LES SOIRÉES DE CARTHAGE, par l’abbé Bourgade, curé de Saint-Louis à Carthage[1]. — L’église n’a pas été jusqu’à présent fort heureuse dans ses essais d’apostolat en Afrique, et la philosophie de son côté s’est fort peu occupée des obstacles moraux que notre civilisation devait partout y rencontrer. Ces obstacles, un prêtre catholique et de tout point orthodoxe vient aujourd’hui de la meilleure foi du monde nous annoncer qu’il croit pouvoir les vaincre ; il regarde comme possible la conversion des musulmans au christianisme, et nous indique en outre la méthode qu’il a suivie lui-même avec succès dans ses rapports avec des mahométans de Tunis. En quoi M. Bourgade se distingue-t-il des missionnaires qui ont si tristement échoué dans l’Algérie ? Par une qualité précieuse et décisive : il connaît les Orientaux et l’islam ; il a fait une étude approfondie du Koran parmi les populations arabes. Certes il combat l’œuvre de Mahomet sur beaucoup de points du dogme et de la morale ; mais il ne dit pas qu’il méprise l’islamisme, il n’en fait pas un objet de risées ni d’injures, et son effort est principalement de rechercher les côtés par lesquels le livre des croyans se rapproche de l’Évangile, afin de trouver mieux le lien des deux cultes et la transition possible de l’un à l’autre. Ce langage modéré, cette réserve prudente, cette justice rendue à l’islamisme par un prêtre très catholique, sont autant d’indications instructives pour l’état comme pour l’église, car, on le comprend, c’est à la condition d’une connaissance étendue de la législation musulmane et de ménagemens habilement calculés pour l’esprit du Koran, c’est à cette condition seule que nous pouvons gouverner et civiliser les indigènes de l’Algérie.

Dans un accès de bon sens, Voltaire écrivait déjà qu’il fallait jeter au feu tout ce que l’on avait dit jusqu’alors sur les musulmans.

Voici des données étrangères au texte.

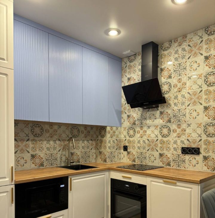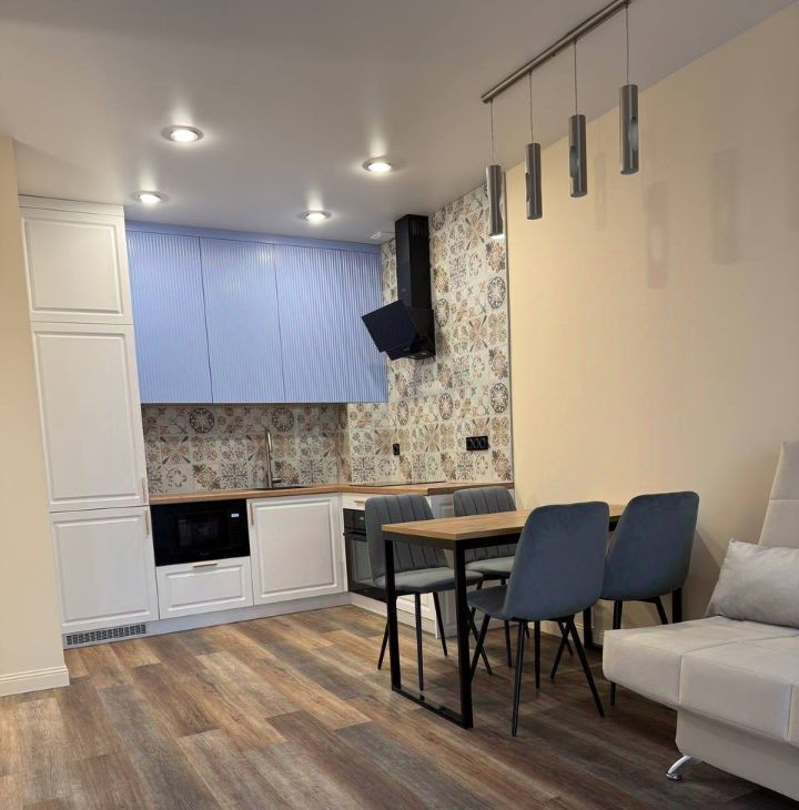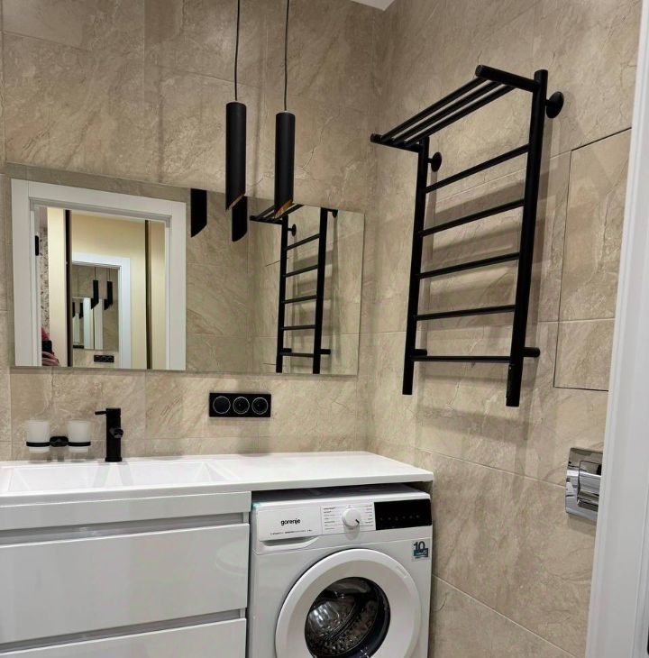 Бытовая техника: холодильник, варочная поверхность, духовой шкаф, вытяжка, микроволновка, телевизор, полотенцесушитель, стиральная машина, кондиционер.
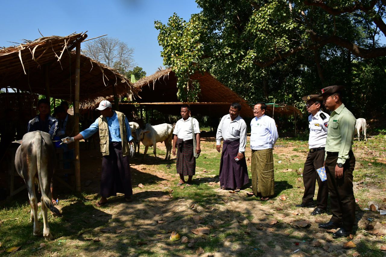 ရှေးဦးစွာနေပြည်တော်ကောင်စီဝင်နှင့် တာဝန်ရှိသူများသည် ဆင်ဆိပ်ကျေးရွာနှင့် သစ်ဆိမ့်ပင်ကျေးရွာတို့တွင် ကျွဲ/ နွား ခွာနာ/လျှာနာရောဂါကာကွယ်ဆေးထိုးနှံမှုအား ကြည့်ရှုစစ်ဆေးရာ နေပြည်တော် မွေးမြူရေးနှင့်ကုသရေးဦးစီးဌာနမှ တိုင်းဦးစီးမှူး ဒေါက်တာဝင်းဦးက လယ်ဝေးမြို့နယ်အတွင်း Food and mouth disease ( FMD) Control Zone ဖြစ်စေရေးအတွက် ကာကွယ်ဆေးများ ထိုးနှံနေမှုအခြေအနေများအား ရှင်းလင်း ပြောကြားသည်။

L’on s’est bien gardé d’en rien faire, et l’opinion en est encore à cet égard dans l’ignorance où Voltaire l’a laissée. Cependant une réaction a commencé hors de France en faveur des peuples de l’Orient. Quelques voyageurs anglais qui ont vécu parmi les Turcs, en Espagne la jeune école historique, très riche en documens sur l’ancienne civilisation arabe, les chrétiens slaves, hellènes ou valaques de la Turquie, se rencontrent aujourd’hui dans le même sentiment : l’islam n’est point cette aveugle superstition, ce n’est pas ce fatalisme grossier, ce n’est pas ce zèle toujours prêt à frapper et à conquérir, que des annalistes superficiels et des érudits à la suite nous ont représentés sous des couleurs si sombres. La vérité est, comme on l’a dit sans insister assez fort, que le Koran est une édition manquée de l’Évangile. Le livre des musulmans est écrit dans une pensée hostile aux idolâtres, oui sans doute ; mais Mahomet, si ferme qu’il fût dans sa croyance au Dieu unique, a toujours témoigné du respect pour les dogmes chrétiens, pour la révélation chrétienne et pour les personnes mêmes de la Vierge et du Christ.

Quant à l’attitude militante des deux cultes sur tous les points du monde où ils se trouvent en contact, voici ce qui l’explique. C’est que les musulmans, fort

  1. Un vol. in-80, chez Firmin Didot, rue Jacob.